- _Exercise brief_: Extract the lines of the material below, beginning with the first and ending with the line that holds "Базовая повседневная одежда". Skip every picture.

- _Information provided_:
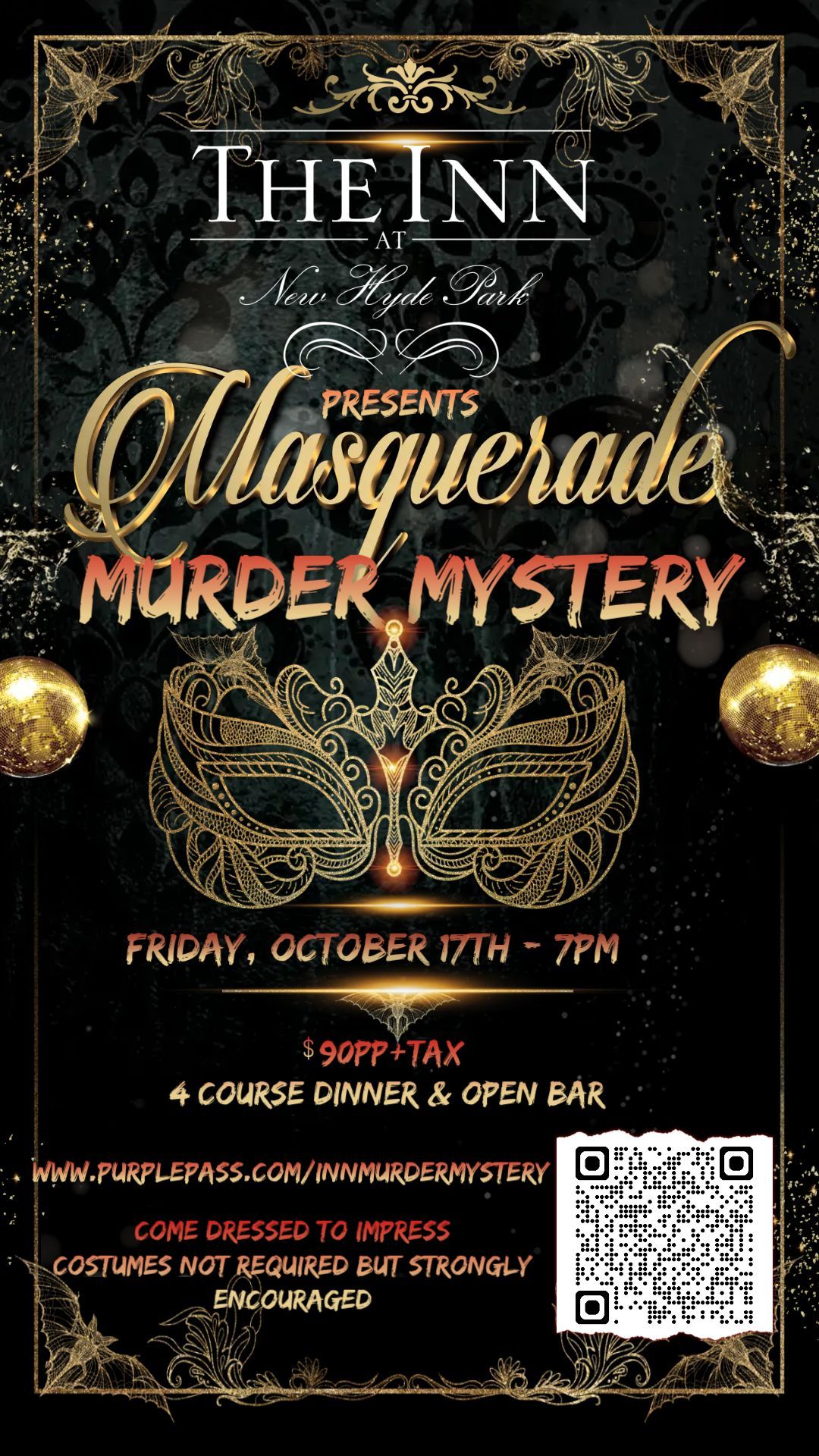 ![]() | Murder at the Inn Enjoy a thrilling Masquerade Murder Mystery with a 4-course dinner and open bar. Costumes are encouraged, but not required, for this unforgettable night of suspense and intrigue. |
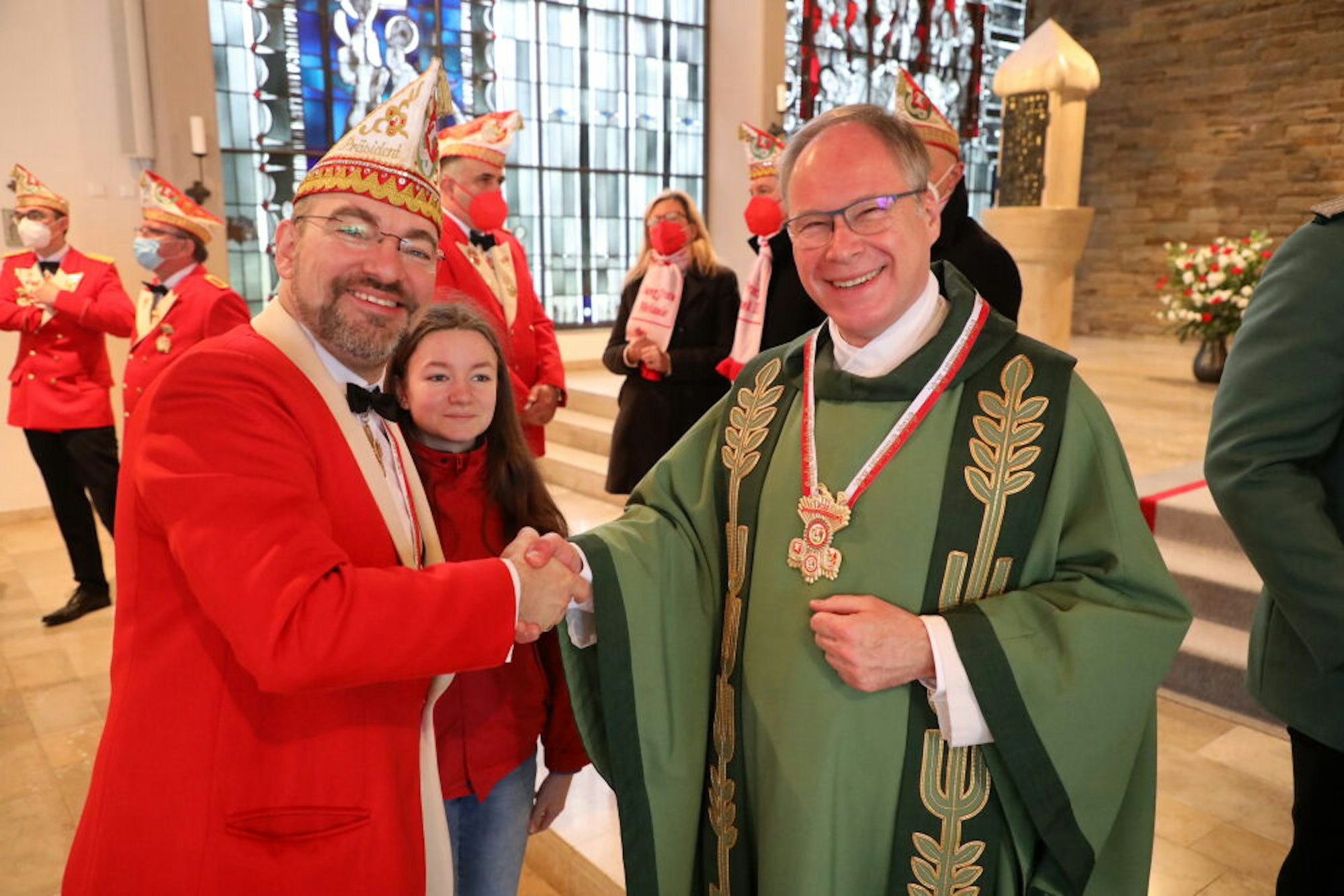 Den ersten Orden außerhalb der KG überreichte Große-Gladbacher-Präsident Alexander Pfister (l.) an Pfarrer Wilhelm Darscheid.
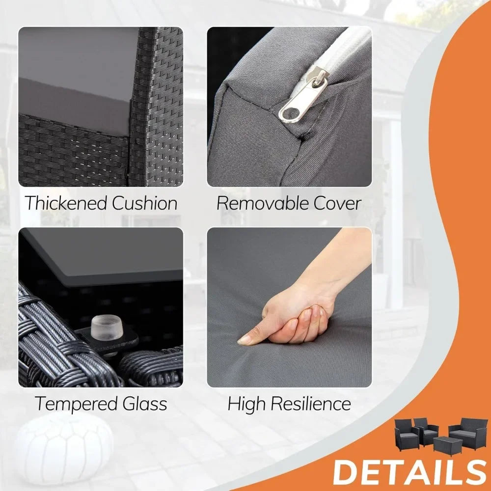 - Easy to Clean: Tempered glass table surface and removable cushion covers
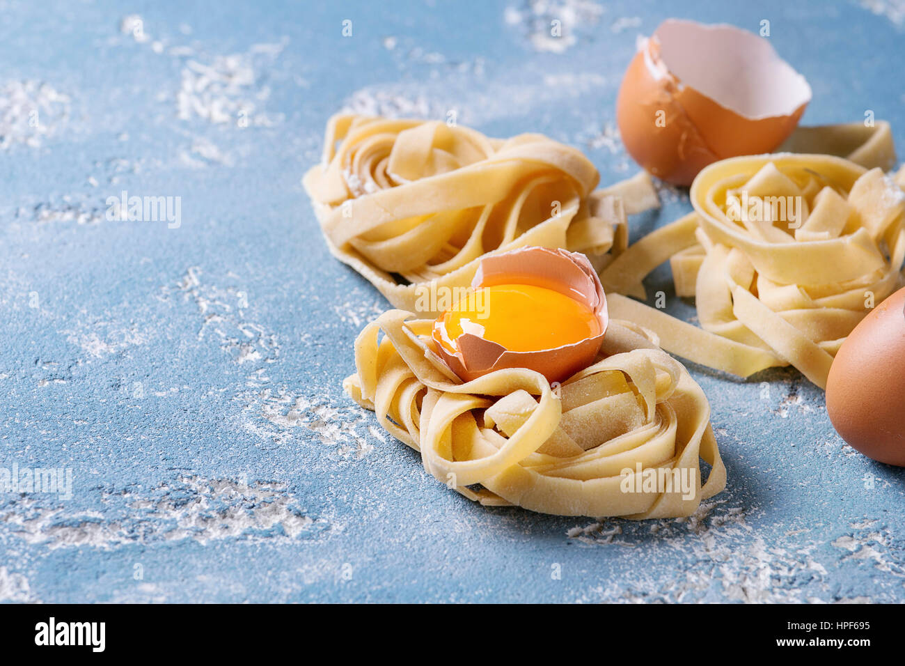 - Trenzado Casera Cruda Fresca Cruda Pasta Tagliatelle Con La Yema De Huevo Shell Y Cortador De Pasta Azul Claro Sobre Fondo De Hormigon Fotografia De Stock Alamy Low Calorie Quick Pasta Recipes,
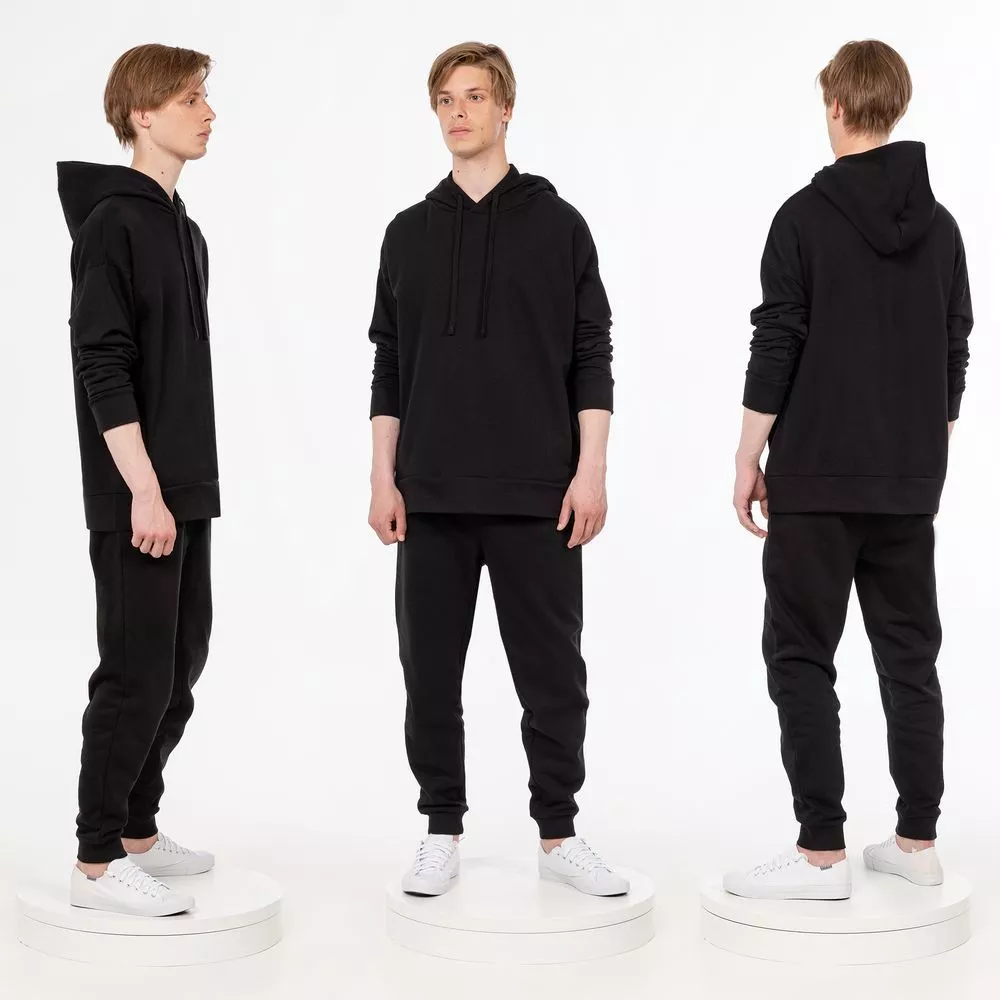Базовая повседневная одежда актуального покроя в стиле унисекс разработана в рамках единой коллекции и легко собирается в комплекты. Специально спроектированные лекала и технологии пошива открывают простор для любых вариантов кастомизации и нанесения изображений. На изделиях нет лейблов с айдентикой бренда — но предусмотрены петельки для навешивания индивидуальных этикеток.
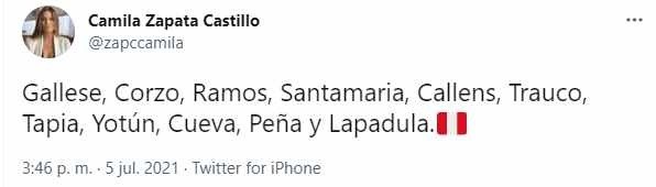 La alineación la confirmaron distintos comunicadores hace solo unos minutos:Gallese, Corzo, Ramos, Santamaria, Callens, Trauco, Tapia, Yotún, Cueva, Peña y Lapadula. El que entraría por la Culebra sería entonces el ex-Sport Boys
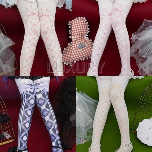 ロリータ タイツ パンスト 5色 デジタルプリント ダークキュートデザイン ゴシック 個性派 ガーリー スウィート お茶会 イベント 撮影 舞台 撮影用 オールシーズン
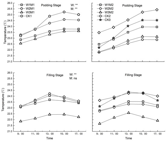 The diurnal variation of soil temperature in the podding and filling stages showed an initially increasing followed by a decreasing trend (Figure 4). The highest temperature in the podding period occurred at 3 pm, while the highest temperature in the filling stage occurred at 1 pm. The temperature of the control group showed a rapid rate of increase with a large change range and was significantly higher than that of other treatments. Increased irrigation level in the M1 group caused the soil temperature to initially exhibit an increasing trend, which then decreased, suggesting that the highest soil temperature in a decreasing order was detected in W2 followed by W1, with the lowest in W3, while the temperature of W2M1 was ~0.32–7.97% higher than that of other treatments. In the M2 group, the soil temperature decreased with the increase in irrigation level at the filling stage, indicating that the soil temperature was highest in W1, followed by W2, and lowest in W3. The temperature of W1M2 was ~0.20–5.99% higher than that of other treatments, while the soil temperature at the podding stage was higher than that at the filling stage.

- _Response box_:
 ![]() | Murder at the Inn Enjoy a thrilling Masquerade Murder Mystery with a 4-course dinner and open bar. Costumes are encouraged, but not required, for this unforgettable night of suspense and intrigue. |
 Den ersten Orden außerhalb der KG überreichte Große-Gladbacher-Präsident Alexander Pfister (l.) an Pfarrer Wilhelm Darscheid.
 - Easy to Clean: Tempered glass table surface and removable cushion covers
 - Trenzado Casera Cruda Fresca Cruda Pasta Tagliatelle Con La Yema De Huevo Shell Y Cortador De Pasta Azul Claro Sobre Fondo De Hormigon Fotografia De Stock Alamy Low Calorie Quick Pasta Recipes,
Базовая повседневная одежда актуального покроя в стиле унисекс разработана в рамках единой коллекции и легко собирается в комплекты. Специально спроектированные лекала и технологии пошива открывают простор для любых вариантов кастомизации и нанесения изображений. На изделиях нет лейблов с айдентикой бренда — но предусмотрены петельки для навешивания индивидуальных этикеток.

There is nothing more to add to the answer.